PF-graft-POEGMA brushes in an aqueous solution luminesce with CIE 1931 chromaticity coordinates: x = 0.26, y = 0.24 (Fig. 5a), in a film cast from a solution in toluene - CIE 1931: x = 0.28, y = 0.29 (Fig. 5b).

Absorption spectra were obtained on a Shimadzu UV-1900 spectrophotometer; fluorescence spectra, on a Shimadzu RF-6000 spectrofluorimeter.

Graphic materials:

Fig. 1. ¹ H NMR spectra:

a) a macroinitiator;

b) polyfluorene with grafted chains of poly-tert-butyl methacrylate PF-graft-PTBMA and polyfluorene with grafted chains of polymethacrylic acid PF-graft-PMAA.

Fig. Fig. 2. IR spectra of PF-graft-PTBMA and PF-graft-PMAA polymer brushes.

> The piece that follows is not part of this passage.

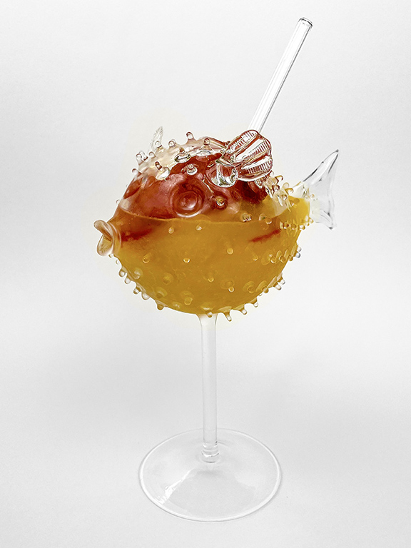 Colori caldi e vitaminici nel dessert, e altrettanto nel drink. “Il cocktail è composto da due tipologie di forze – racconta Bruno Vanzan – la prima, di colore giallo, creata con la Polpa Fabbri Mixyfruit Mango, gin 0 gradi, succo di limone. La seconda, rossa in superficie, con Polpa Fabbri Mixyfruit Fragola, succo di bergamotto, cannella”. Il bicchiere di servizio scelto garantisce un grande effetto scenico: un pesce fugu che chiaramente “può essere sostituito da qualunque glass per replicare il drink”, precisa Bruno. “Utilizzare le polpe di frutta Fabbri mi permette di replicare questi cocktail tutto l’anno – conclude – mantenendo la qualità del gusto”.

Fig. 3. Spectral characteristics of polymers:

a) absorption spectra of macroinitiator, PF-graft-PMAA and PF-graft-POEGMA;

b) fluorescence spectra of the macroinitiator (in THF), PF-graft-PMAA (in water), and PF-graft-POEGMA (in water).

Fig. 4. CIE 1931 for PF-graft-PMAA in aqueous solution.

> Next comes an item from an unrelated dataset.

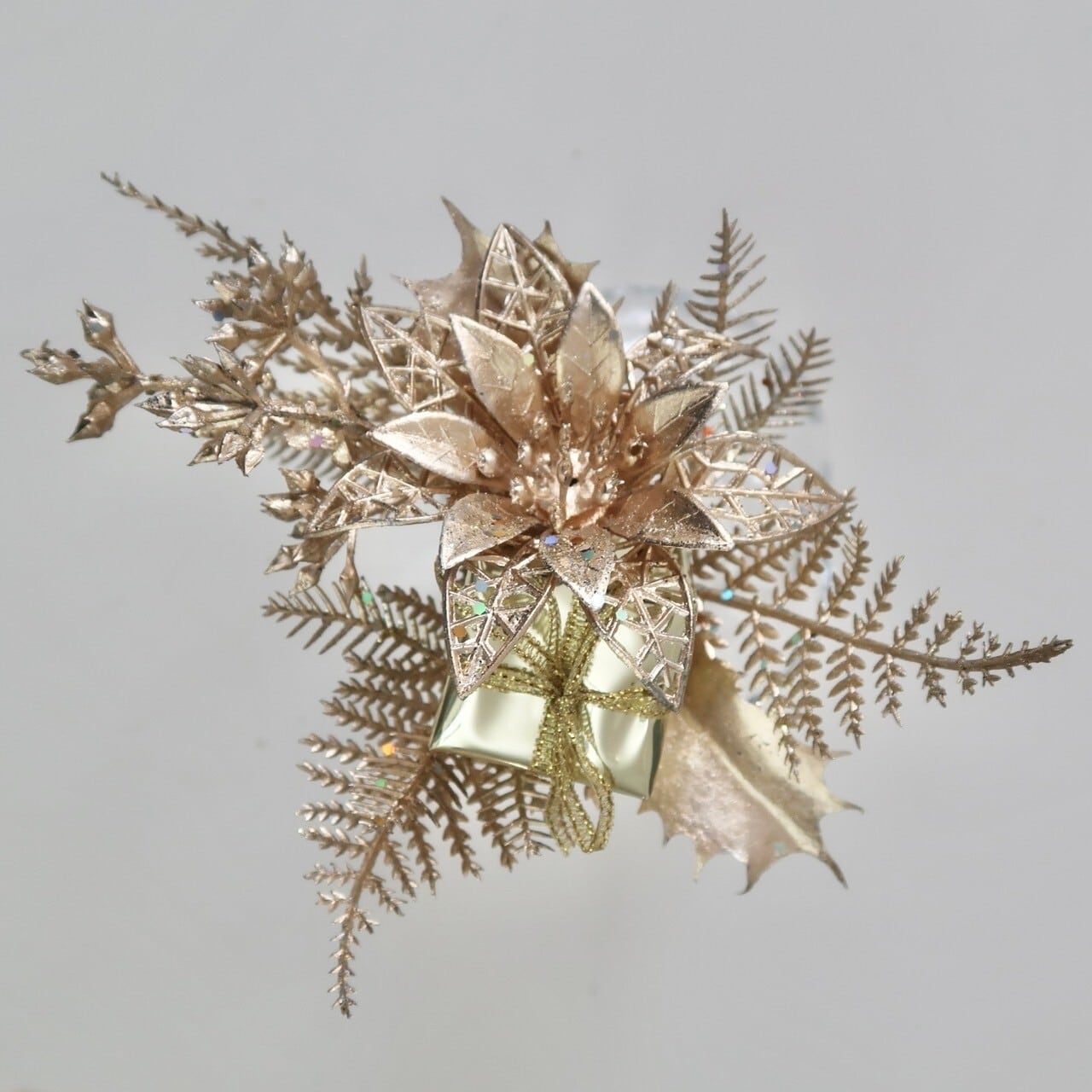 シャンパンゴールドのカラーとギフトボックスなどの飾りが可愛いピック。

Fig. 5. CIE 1931 for PF-graft-POEGMA:

a) in film;

b) in an aqueous solution.

Thus, as a result, new polymeric compounds were obtained, which are white powder, which are stable during storage at room temperature, water soluble, and fluorescent in the white region.

The technical result of the invention is as follows: polyfluorene molecular brushes with polymethacrylic acid side chains can be used to create shells of nano- and microcapsules used for targeted drug delivery, as well as solubilizing nanocontainers for hydrophobic compounds used for photodynamic therapy and diagnostics. Copolymers with poly(oligoethylene glycol)methacrylate side chains are promising for use in the field of creating light-emitting devices, since they emit light close to white in a film and are soluble in "green solvents" such as alcohols and water.

Claims (6)

A method for producing a polyfluorene brush with side chains of polymethacrylic acid or poly(oligoethylene glycol)methacrylate, including the production of a polyfluorene multicenter macroinitiator by synthesizing the monomer pyran), the synthesis of polyfluorene with side protected hydroxyl groups by the Suzuki polycondensation method, the removal of pyran protection in the side chains of polyfluorene and their modification with α-bromoisobutyroyl bromide with the addition of potassium iodide; interaction of the obtained macroinitiator with tert-butyl methacrylate or oligoethylene glycol methyl ether methacrylate using toluene, copper (I) bromide, N,N,N',N'',N''-pentamethyldiethylenetriamine; treatment of a polyfluorene copolymer with poly-tert-butyl methacrylate side chains in methylene chloride with trifluoroacetic acid to obtain the final product of the general structural formula: Where: m is the degree of polymerization of the side chains (20-150); R: -COOH or -C(O)O(CH ₂ CH ₂ O) ₁₀ CH ₃ ; M _{w of} the main chain = 20 - 100 kDa.